Da quando era arrivata, al castello non si faceva altro che parlare di una festa in suo onore per festeggiare il suo ritorno. Era troppo felice per controbattere una simile cortesia,  e la morte di suo nonno Hoster aveva fatto sì che anche suo fratello Robb e il resto della sua compagnia si trovasse al castello proprio il giorno del suo arrivo.Le sembrava di avere tutta la famiglia riunita.
 «I sette dèi si sono presi mio padre, ma mi hanno riportato indietro la mia piccola.»

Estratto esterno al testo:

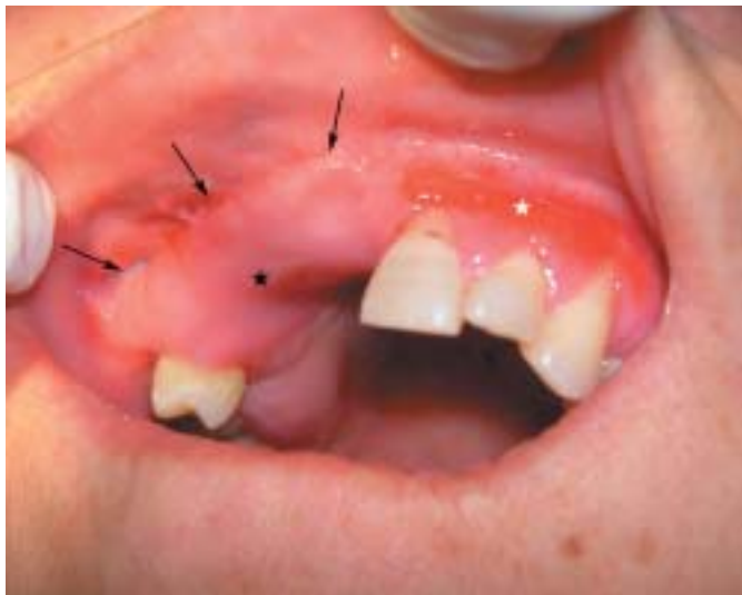
Fig. 2. Paciente 1. Reconstrucción del defecto con colgajo miomucoso de buccinador. Imagen a los 3 meses post-cirugía. La estrella negra señala el colgajo. Las flechas señalan el límite anterior del colgajo. La estrella blanca señala una zona de cicatrización por segunda intención, tras resección de encía que contenía lesiones de melanosis mucosa. Patient 1. Reconstruction of the defect by means of a buccinator myomucosal flap. Image obtained 3 months after the resective surgery. Black star points the flap. Arrows point the anterior limit of the flap. White star points a scarring zone by second intention after resection of gingival mucosal melanosis.

inferior izquierda y encía inferior derecha. El postoperatorio transcurrió sin complicaciones.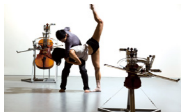
▲黃翊《交響樂計畫》劇照。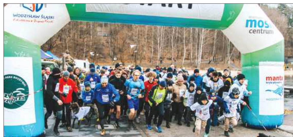
■ Start biegu „Tropem Wilczym” 2 marca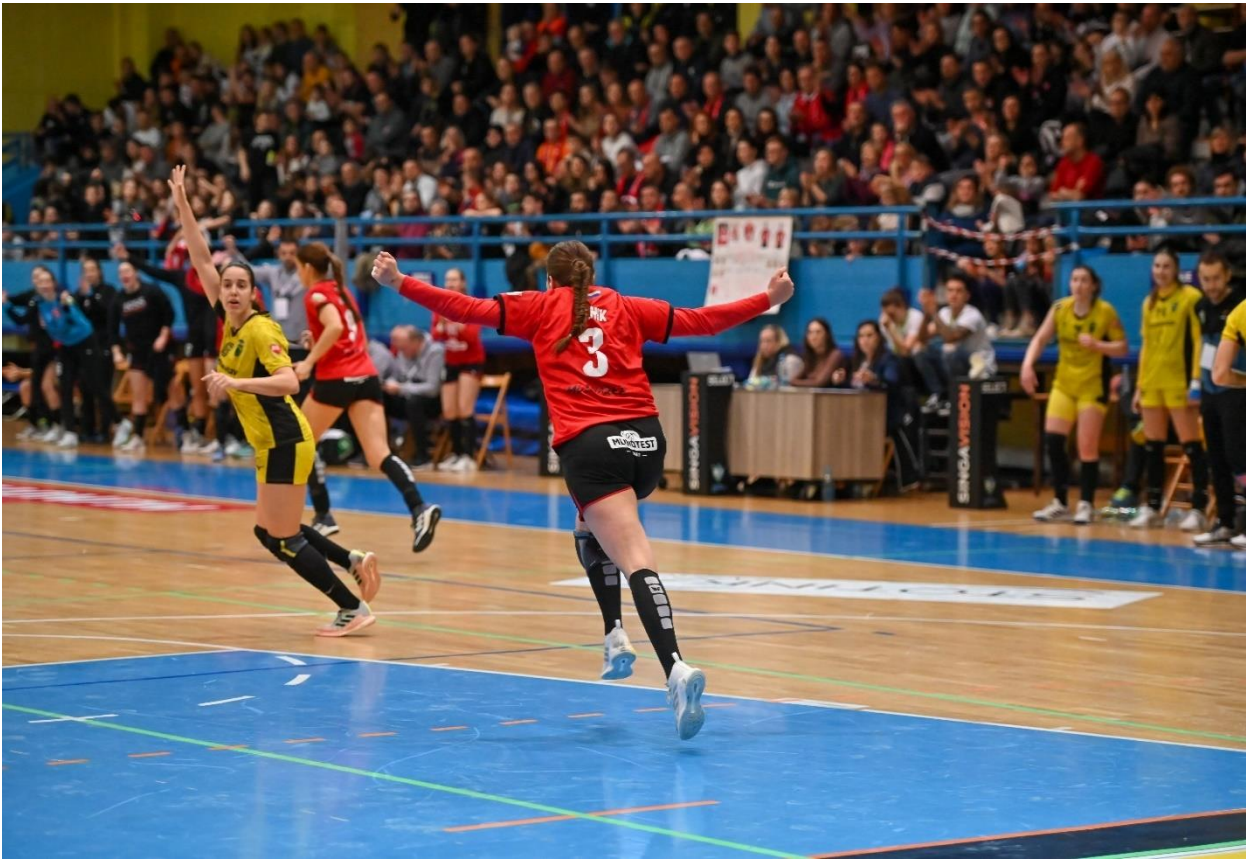
Slika 5: Ženska rokometna tekma evropski pokal 2023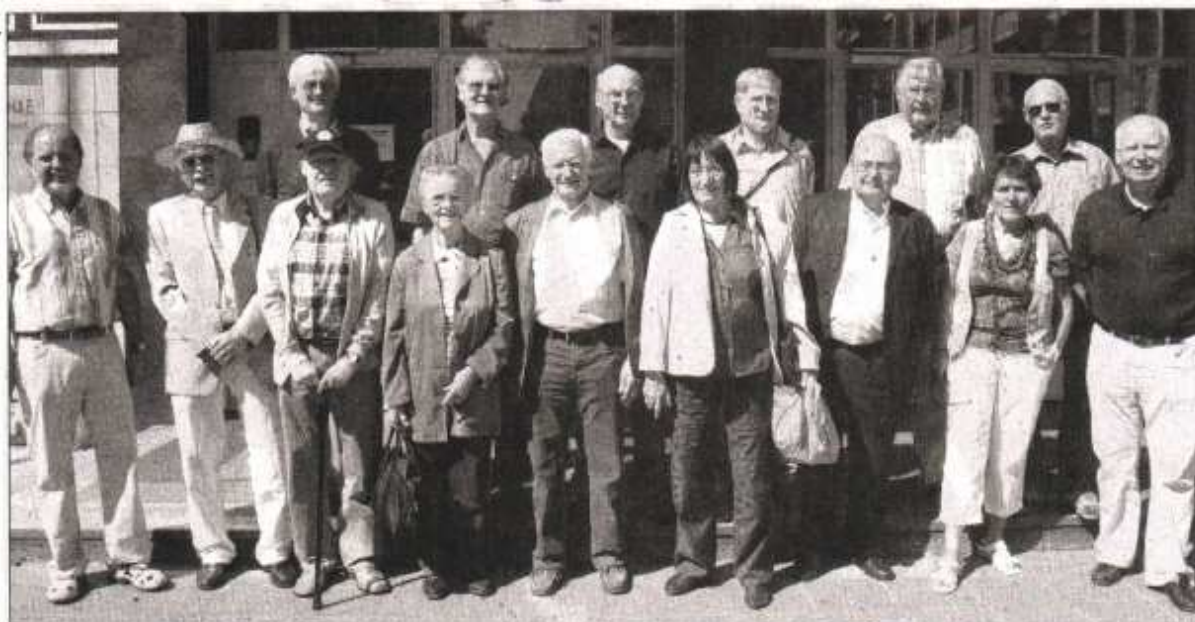
Gießener Allgemeine vom 30.06.2010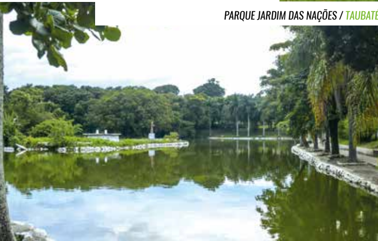
PARQUE JARDIM DAS NAÇÕES / TAUBATÉ

Mas ter parques bonitos não é um privilégio de São José dos Campos na RMVale. Campos do Jordão, Jacareí, Cruzeiro, Taubaté e Lorena estão entre as cidades que oferecem extensas áreas verdes para deleite de moradores e visitantes.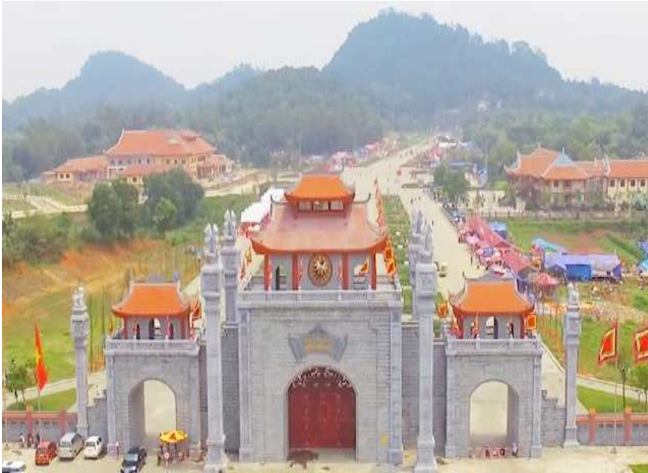
Đền Hùng (Nước Văn Lang)

Đây là công trình kiến trúc nào? Thuộc nhà nước nào trong lịch sử Việt Nam?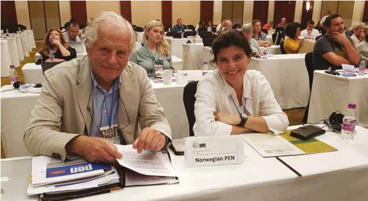
Styreleder og nestleder tar viktige beslutninger under PEN Internationals årskongress i Pune, India.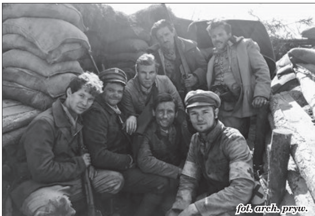
fol. arch. pryw.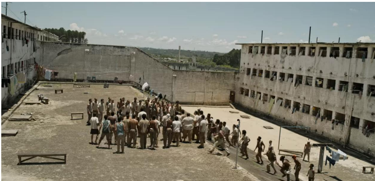
Figura 01: Ala en desuso de una penitenciaría que sirvió de escenario para Irmandade .

En segundo lugar, son obras que apuestan por una auténtica diversidad de escenarios y medios, que contribuyen a su "individuación" (Caldwell, 1995; Araújo, 2015) y apariencia distintiva. Estos decorados y entornos, muy presentes en las elaboradas secuencias de títulos de obras complejas, implican una atención inusual a la puesta en escena, la verosimilitud y la cinematografía. En combinación con la idiosincrasia conceptual de estos programas, sus cualidades estéticas permiten transmitir con fuerza las especificidades del lugar, el tiempo y la estructura ideológica que sustenta el mundo diegético de un drama televisivo. La veracidad es un elemento sorprendente en Irmandade . Citemos como ejemplo uno de los lugares donde se rodó la historia. Un ala en desuso de la Penitenciaría Estatal Central de Piraquara , en la región metropolitana de Curitiba (fig. 01), sirvió de escenario para las escenas que tienen lugar en el interior de la prisión donde nace la banda criminal. La elección de esta estética realista contribuye a intensificar las sensaciones de un recluso una vez dentro de ese universo.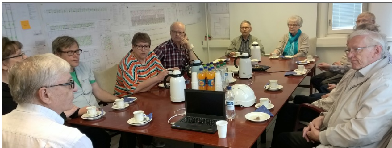
Kesäretkeläisiä Betonimestareiden Iisalmen tehtaalla

Teksti ja kuvat: Kalevi Saarelainen, pj.

Fu questa la prima frase che disse Catelyn Stark non appena vide il volto di sua figlia giungere dalla entrata principale della fortezza, non diede neppure un'occhiata a chi era giunto insieme a lei e si diresse ad abbracciarla con il volto rigato dalle lacrime. Sembrava non volesse più lasciarla andare,  incurante di tutte quelle persone che la circondavano e osservavano la scena. Non riusciva a smettere di singhiozzare, e quando suo Robb realizzò l'arrivo di sua sorella, ignorò il suo titolo per lasciarsi andare completamente dalle emozioni. Nonostante tutti compresero che la perdita di Jaime Lannister poteva essere davvero evitata, fu na scena che fece commuovere i presenti. Probabilmente dei cantastorie ci avrebbero scritto delle canzoni in futuro. Nei giorni seguenti passava momenti talmente felici da sembrare avesse completamente rimosso dalla memoria la famiglia reale, le guardie reali, e la sua fuga col mastino.  Passava la maggior parte del tempo insieme a sua madre o con qualcun altro della sua famiglia, aveva persino fatto amicizia con Dacey Mormont, una ragazza poco più grande di lei, e con Jeyne, la moglie di suo fratello, che anche se raramente, le faceva compagnia. Non si trovava quasi mai da sola e riceveva tutte le attenzioni possibili. Tuttavia, non poteva continuare a dormire con sua madre per il resto della sua vita, e non poteva neppure girare libera per le terre dei fiumi senza qualcuno che la proteggesse, per cui suo fratello Robb, adesso re, si decise ad assegnarle una guardia personale. Inizialmente, la scelta ricadde su Donnel Locke, ma prima ancora che arrivassero ad una decisione conclusiva, Sansa propose a sua madre l'uomo che l'aveva condotta da lei, di assolverlo dal ruolo di semplice soldato e di assegnargli il compito di sorvegliarla. Ed anche se lady Catelyn provava ancora una certa diffidenza nei suoi confronti, riuscì a convincersi dopo aver ascoltato come sua figlia ci tenesse tanto alla sua protezione.Così iniziò ad abituarsi all'idea di averlo sempre fuori la porta della sua stanza quando andava a letto, e di avere la sua ombra ovunque andasse. E proprio come si erano promessi quella notte, tra loro ci furono solo silenzi. Lui si limitò soltanto a fare il suo dovere con obbedienza.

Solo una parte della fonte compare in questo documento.